(Stored dataset items)
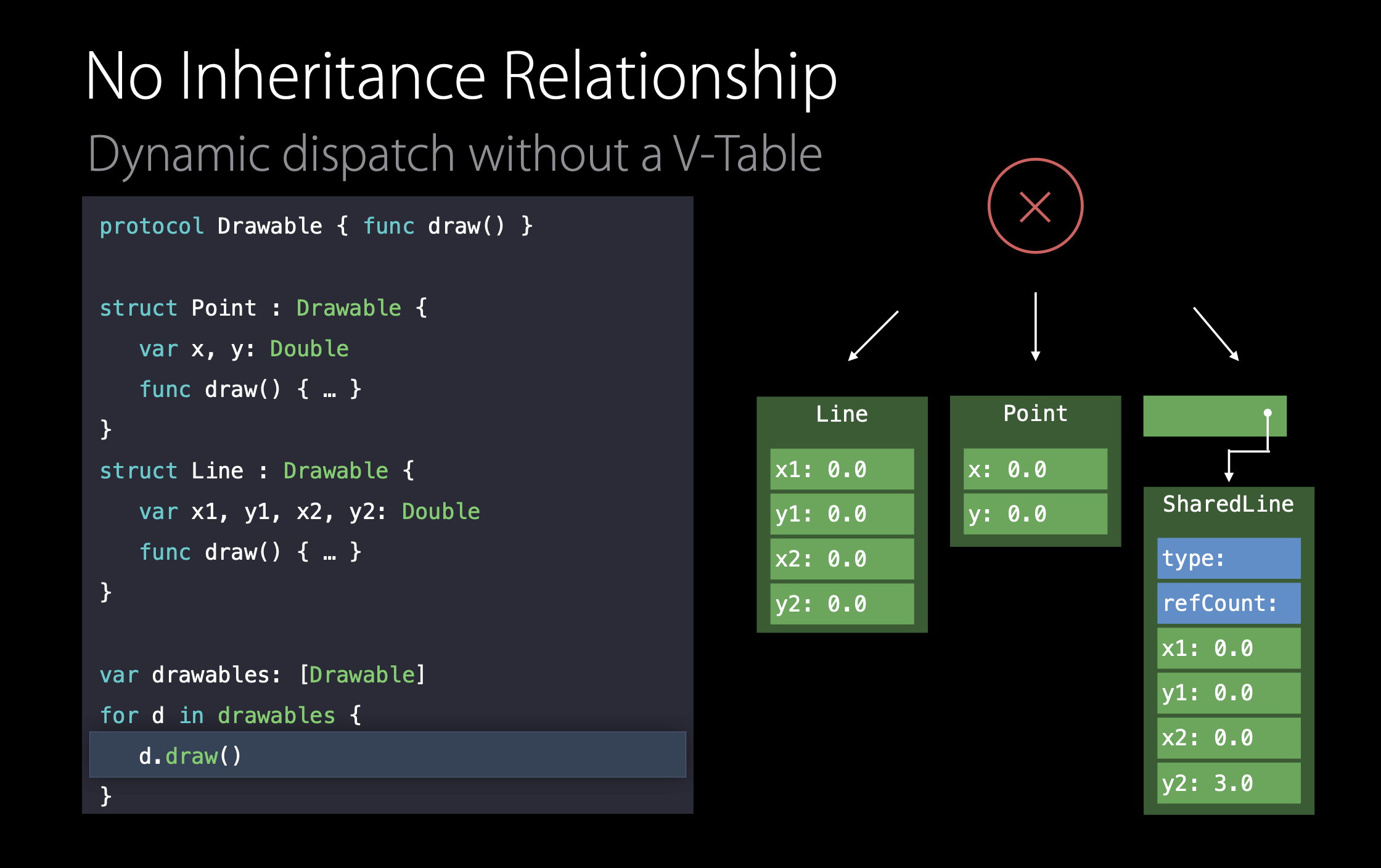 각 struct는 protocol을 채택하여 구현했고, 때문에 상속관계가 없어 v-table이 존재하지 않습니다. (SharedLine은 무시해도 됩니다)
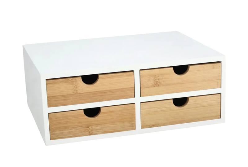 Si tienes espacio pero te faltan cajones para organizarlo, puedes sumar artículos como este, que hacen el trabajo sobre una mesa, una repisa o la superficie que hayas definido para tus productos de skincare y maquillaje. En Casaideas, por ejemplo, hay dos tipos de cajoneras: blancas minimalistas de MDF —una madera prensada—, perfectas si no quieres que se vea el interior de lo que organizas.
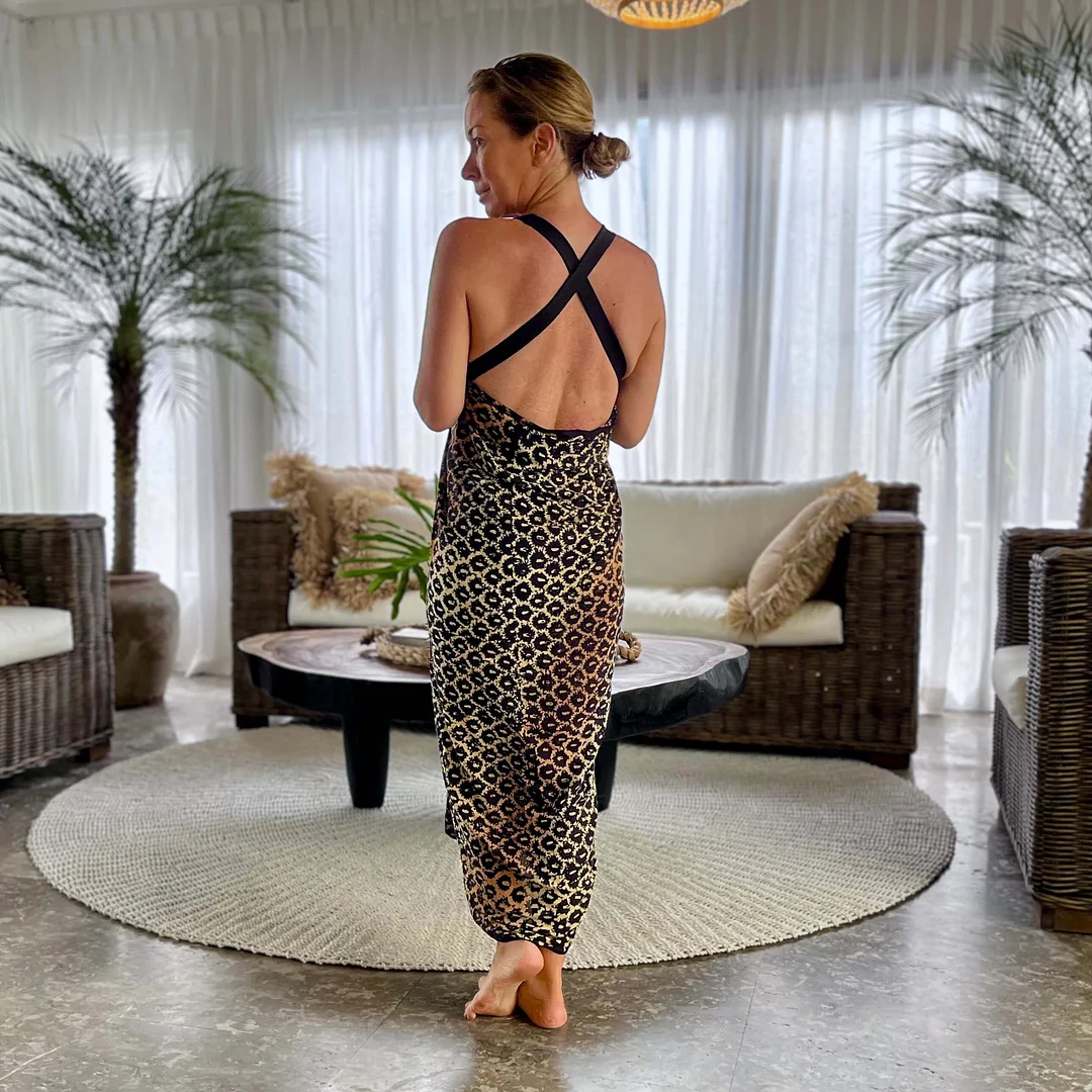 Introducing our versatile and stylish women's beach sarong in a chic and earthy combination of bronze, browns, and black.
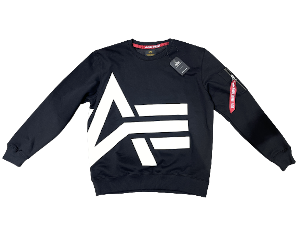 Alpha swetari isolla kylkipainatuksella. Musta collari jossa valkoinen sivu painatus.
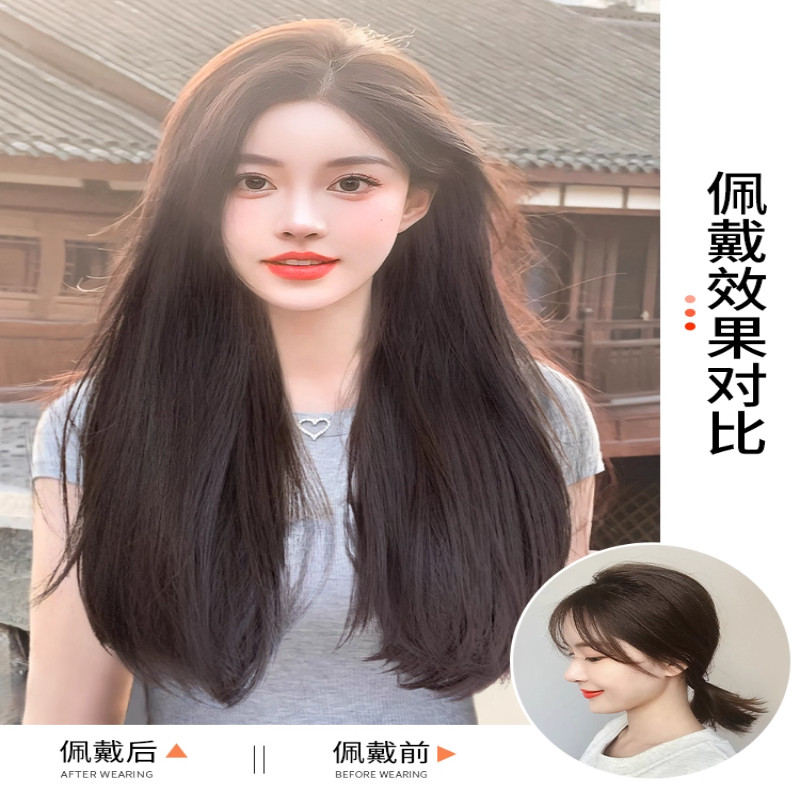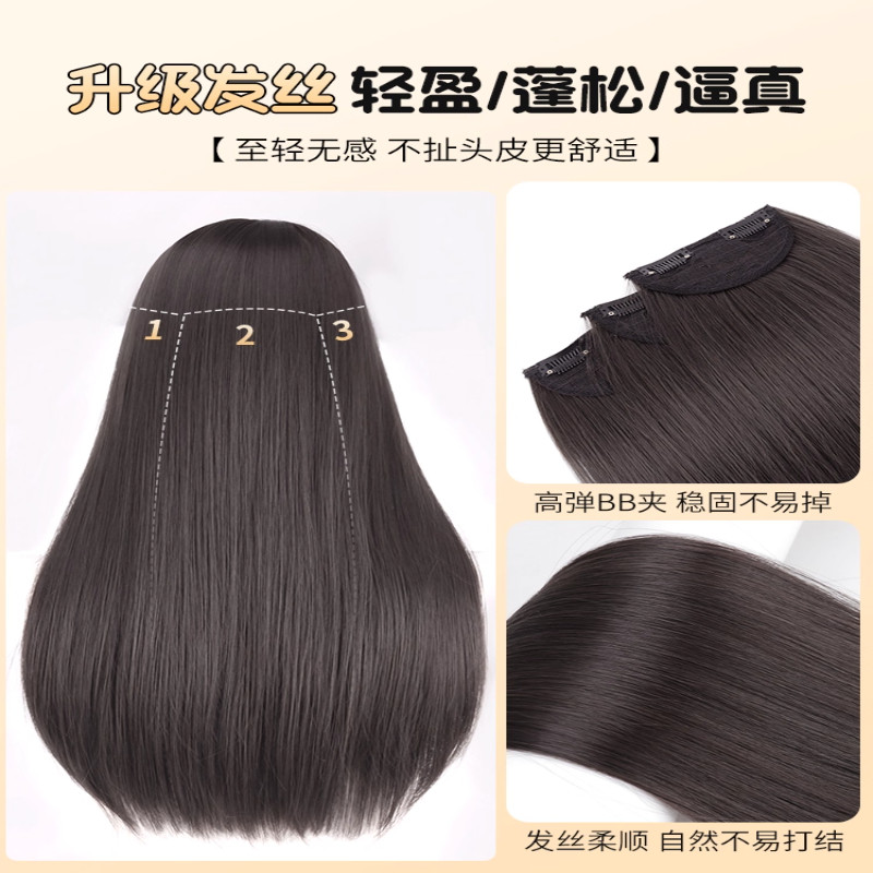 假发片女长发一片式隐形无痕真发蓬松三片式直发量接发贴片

■ **To do**:
Excluding every picture, write out each record word for word.

■ **Response**:
 각 struct는 protocol을 채택하여 구현했고, 때문에 상속관계가 없어 v-table이 존재하지 않습니다. (SharedLine은 무시해도 됩니다)
 Si tienes espacio pero te faltan cajones para organizarlo, puedes sumar artículos como este, que hacen el trabajo sobre una mesa, una repisa o la superficie que hayas definido para tus productos de skincare y maquillaje. En Casaideas, por ejemplo, hay dos tipos de cajoneras: blancas minimalistas de MDF —una madera prensada—, perfectas si no quieres que se vea el interior de lo que organizas.
 Introducing our versatile and stylish women's beach sarong in a chic and earthy combination of bronze, browns, and black.
 Alpha swetari isolla kylkipainatuksella. Musta collari jossa valkoinen sivu painatus.
 假发片女长发一片式隐形无痕真发蓬松三片式直发量接发贴片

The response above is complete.